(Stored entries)
== == ==
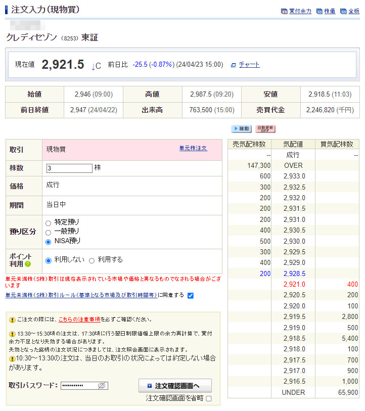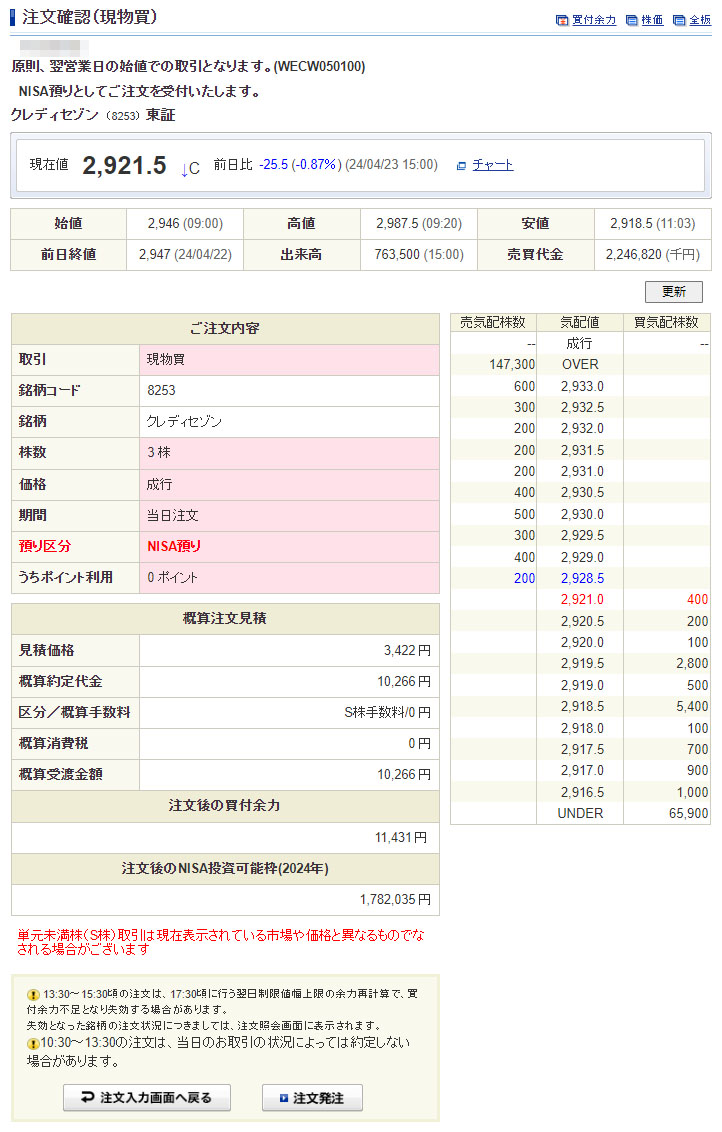 こちらの資金も投資に回せるので「クレディセゾン」を3株買う事にしました。
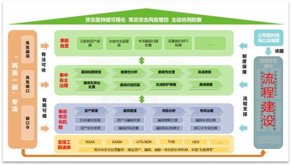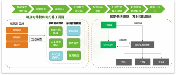 在自主检查阶段发现风险或上级监管机构下发整改通报后,开展风险自主治理,并完成闭环管理。在资产关联、风险排查基础上,针对能够整改的风险进行整改加固;针对无法整改的漏洞,漏洞无效化等技术手段降低或消除漏洞被利用的可能性,消除漏洞影响。
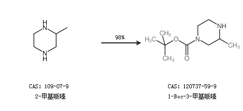 1.通過2-甲基哌嗪合成1-Boc-3-甲基哌嗪,收率約98%;
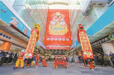 伴随着锣鼓节奏,醒狮上高桩、采青,双龙飞舞……一招一式吸引着商户和市民的眼球。醒狮点睛仪式举行后,广州国际轻纺城正式迎来新春开市。
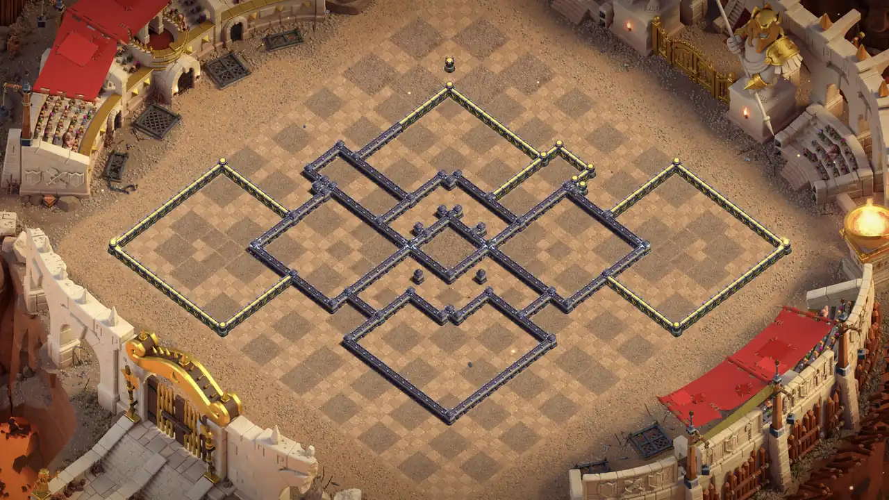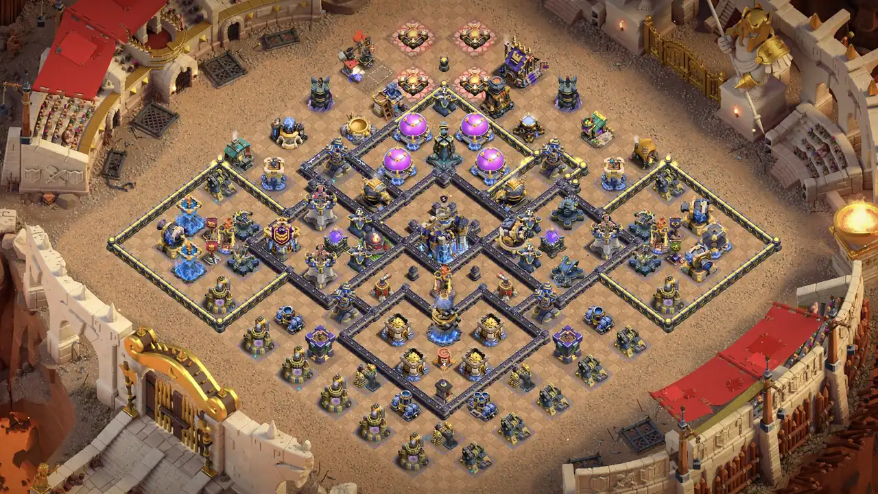 This TH18 Anti-2 War Base puts the Town Hall at the center with dead-zone spacing, giving attackers a hard time getting past one star. The Roaster paired with a Rage Tower creates a deadly compartment that punishes troops pushing in. High-DPS defenses sit on the edges to mess up Warden Walk Fireball pathing. Most compartments use 5-tile gaps to keep Throwers out of range, while Spring Traps bait Throwers and Seeking Air Mines pick off Healers.
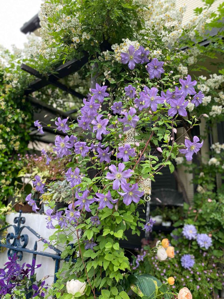 高さを活かしたクレマチスと白バラの組み合わせが素敵ですね😀✨
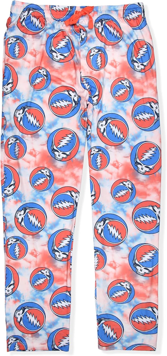 Bioworld Grateful Dead Men's Allover Steal Your Face Logo Tie Dye Adult Sleep Bottoms Pajama Pants
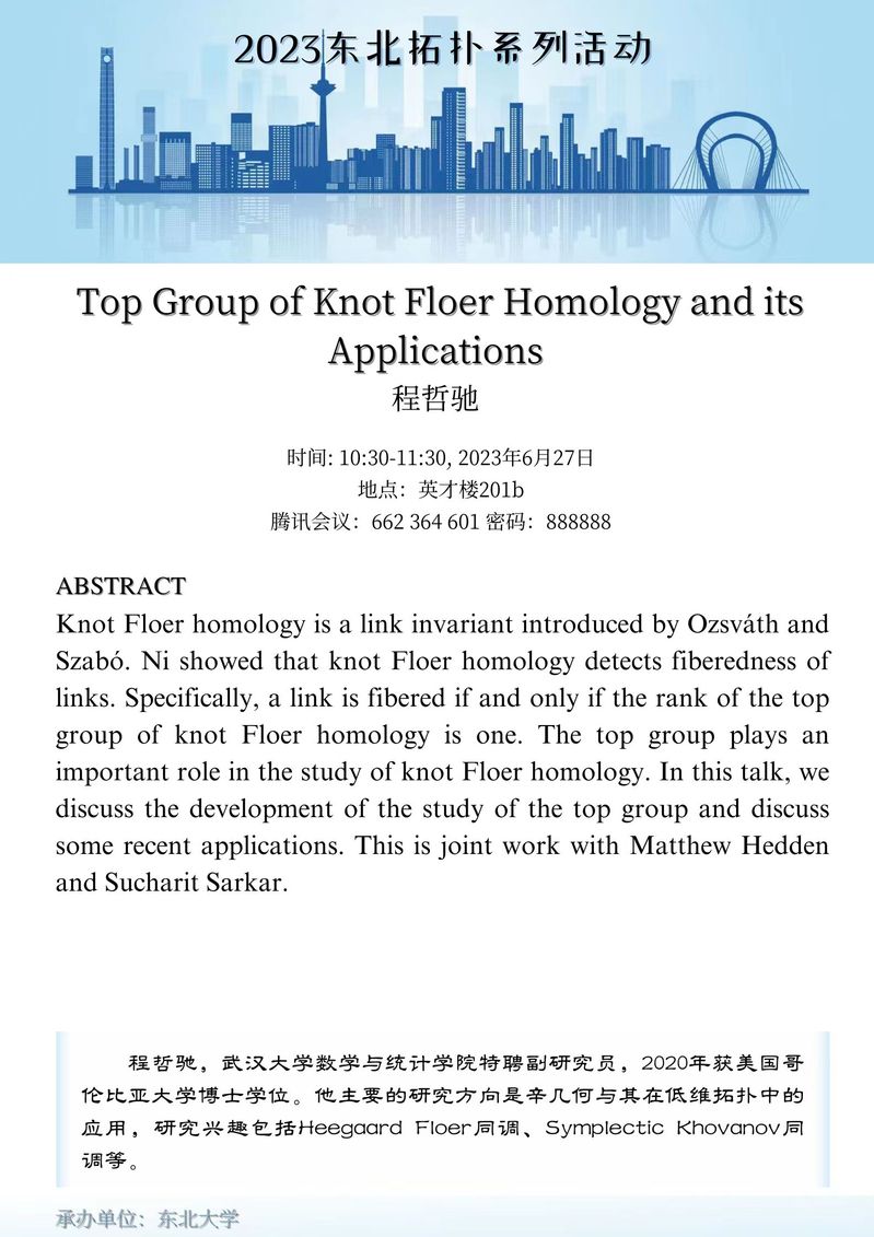 2023年6月27日的报告人为武汉大学数学与统计学院程哲驰(10:30-11:30)和上海交通大学数学科学学院李友林(14:30-15:30)。
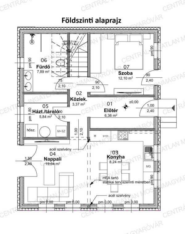 A CENTRÁL-INGATLAN kínálatában található egyedi, különleges ajánlatot látja! MOST 2.500.000.-Ft ÁRKEDVEZMÉNNYEL VÁSÁROLHATÓ MEG! Ez az új építésű családi ház a környék legkedvezőbb vételáron lévő ingatlanja! 3%-os Otthon Start Program, CSOK PLUSZ, babaváró igényelhető akár 3gyerekre is (106m2-es lakótér). -Mosonmagyaróvár határában, a Mosoni-Duna ölelésében lévő Aranyossziget Villaparkban (Máriakálnok) kínáljuk ezt a készülő családi házat! -A családi ház feltüntetett ára fűtéskész készültségi szintre vonatkozik. Lekötéstől függően akár már 2026. nyár végére átvehető. Kulcsrakészen is megrendelhető! Érdemes ezt megnézni mert kulcsrakészen, ennyiért nincs ilyen családi ház a környék ingatlanpiacán. A átadás a lekötés időpontjától függően változhat. -A saroktelekre két önálló családi ház épül. Teljesen külön bejárattal, telekrésszel, nincs átjárás! -Az L1 jelölésű családi házhoz 284m2 telekterület tartozik, itt kialakítható kocsibeálló, füvesített-parkosított kert, fedett vagy nyitott terasz igény szerinti méretben. -A családi ház két teljes szinttel készül, 105.73m2 lakóterülettel, terasz igény szerinti méretben készülhet (plusz költség). A belső kialakítás kiváló. A nappali-konyha-étkező tágas (28m2), a földszinten készül 1 hálószoba, fürdőszoba wc-vel és egy tágas háztartási helyiség. Az emeleten 2 hálószoba, fürdőszoba wc-vel és gardrób helyiség lesz kialakítva. A felső szinten akár egy tetőterasz is kialakítható. A műszaki paraméterek magasak, kizárólag I. osztályú anyagok felhasználásával épül a családi ház, tapasztalt, 25 éve működő kivitelező munkájával. Fűtésre és meleg víz készítésre HŐSZIVATTYÚ lesz beépítve. A fűtésrendszer padlófűtéssel készül. 1 db klíma kiállást-előkészítést az ár tartalmaz. A fürdőkben elektromos, törölközőszárítós radiátorok is lesznek a padlófűtés mellett. A könnyűszerkezetes technológiával épülő családi ház ÉMI engedéllyel rendelkező szabadalmaztatott rendszerrel készül. A külső falakra 12cm polisztirol hőszigetelés kerül, a födém 26cm táblás gyapot szigetelést kap, az aljzatba 15cm polisztirol hőszigetelés kerül. A fémvázszerkezettel épülő ház 15cm-es kőzetgyapot kitöltéssel, hőtükrös fóliával és dupla gipszkarton burkolással. Erre kerül még a 12cm polisztirol szigetelés. Így a legjobb hőszigetelésű falakat kapjuk. Referenciák a környéken bőven megtekinthetők. Energiatakarékosság, kiváló hő- és hangszigetelés A könnyűszerkezetes ház hőszigetelő képessége az építés során alkalmazott technológia és anyagok tulajdonságaiból adódóan jóval jobb, mint a hagyományos szerkezetű épületeké. Az ilyen technológiával épülő házak esetében a fűtési költség mintegy 30-50%-kal is csökkenthető és a jól kialakított hőszigetelés jelentősen mérsékli a CO2 kibocsátást. Az emelkedő energiaárak miatt ez már egy megkerülhetetlen tényező az építkezés során, és ezen a téren a könnyűszerkezet verhetetlen! A külső műanyag nyílászárók 3 rétegű üvegezéssel készülnek. Redőny igény szerint kérhető (plusz költség). A FŰTÉSKÉSZ CSALÁDI HÁZ készültségi szintje kívülről: ház teljesen készre színezve, esőcsatornával kerül átadásra, telek tereprendezéssel. A kerítés, térköves járda, térköves kocsibeálló és a kapu opciósan kérhető, az ár nem tartalmazza. Belső készültség: fűtéskész befejezés, nyers falak, betonozott aljzat, víz-, villany kiállások (vezeték befűzve). Kulcsrakész befejezés is kérhető, sőt konyhabútor és beépített bútorok is rendelhetők. Így a teljes építkezés a beköltözhető állapotig 5% Áfával megvalósítható. Egyéb költségek: Áram ellátás 3X16A + 3X16A „H” tarifás villanyóra, 1.250.000.-Ft, napelem felszerelhető. Vízóra akna: 120.000.-Ft. Tervezés, statika, engedélyeztetés: 800.000.-Ft. Most 2.500.000.-Ft ÁRKEDVEZMÉNNYEL leköthető!!! Opciósan kérhető (feltüntetett ár nem tartalmazza): terasz teraszfedés, járda, kocsibeálló és további térkövezés igény szerint, bejárati kapu, parkosítás, kedvezményes áron konyha bútor, beépített bútorok készítése, stb. A telek fekvése, elhelyezkedése igazi természetközeli, mégis városhoz közeli otthont biztosít az itt lakóknak. Ez nem társasházas lakókörnyezet, kizárólag családi, iker- és sorházakkal. Könnyen elérhető Mosonmagyaróvár Városközpontjában található üzletek, szolgáltatások, stb. Aki olyan családi házban szeretne élni aminek a környezetében biztosan nem épülnek a jövőben társasházak, ipari és kereskedelmi létesítmények az itt fog lakni. A vételár tartalmazza a telek árát, a fűtéskész befejezést is. Új építésű ingatlanként megvásárolható, egyéb kedvezményes hitelezési konstrukciók is igénybe vehetők. A megadott elérhetőségen várom jelentkezését! Ingyenes, bankfüggetlen hitelügyintézést biztosítunk.
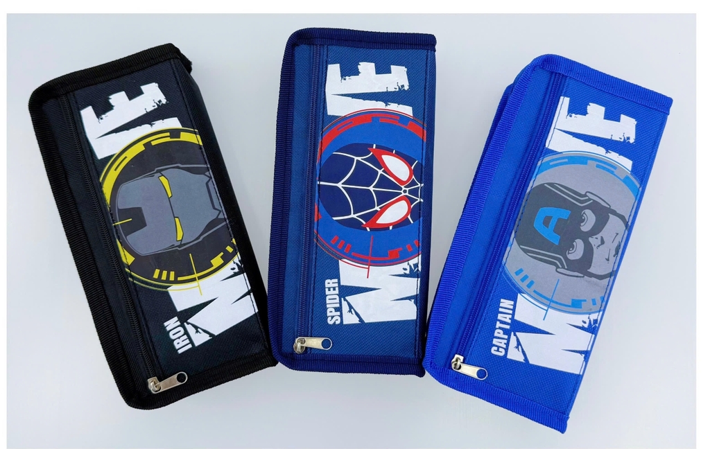Trong hình ảnh là một chiếc hộp bút vải (bóp viết) dành cho học sinh với thiết kế lấy cảm hứng từ nhân vật của Marvel.
== == ==
Your goal: Although the records above contain pictures, the copy should hold only the lines from their start through the line containing "伴随着锣鼓节奏,醒狮上高桩、", each exactly as written, and none of the pictures.

Solution to this task:
 こちらの資金も投資に回せるので「クレディセゾン」を3株買う事にしました。
 在自主检查阶段发现风险或上级监管机构下发整改通报后,开展风险自主治理,并完成闭环管理。在资产关联、风险排查基础上,针对能够整改的风险进行整改加固;针对无法整改的漏洞,漏洞无效化等技术手段降低或消除漏洞被利用的可能性,消除漏洞影响。
 1.通過2-甲基哌嗪合成1-Boc-3-甲基哌嗪,收率約98%;
 伴随着锣鼓节奏,醒狮上高桩、采青,双龙飞舞……一招一式吸引着商户和市民的眼球。醒狮点睛仪式举行后,广州国际轻纺城正式迎来新春开市。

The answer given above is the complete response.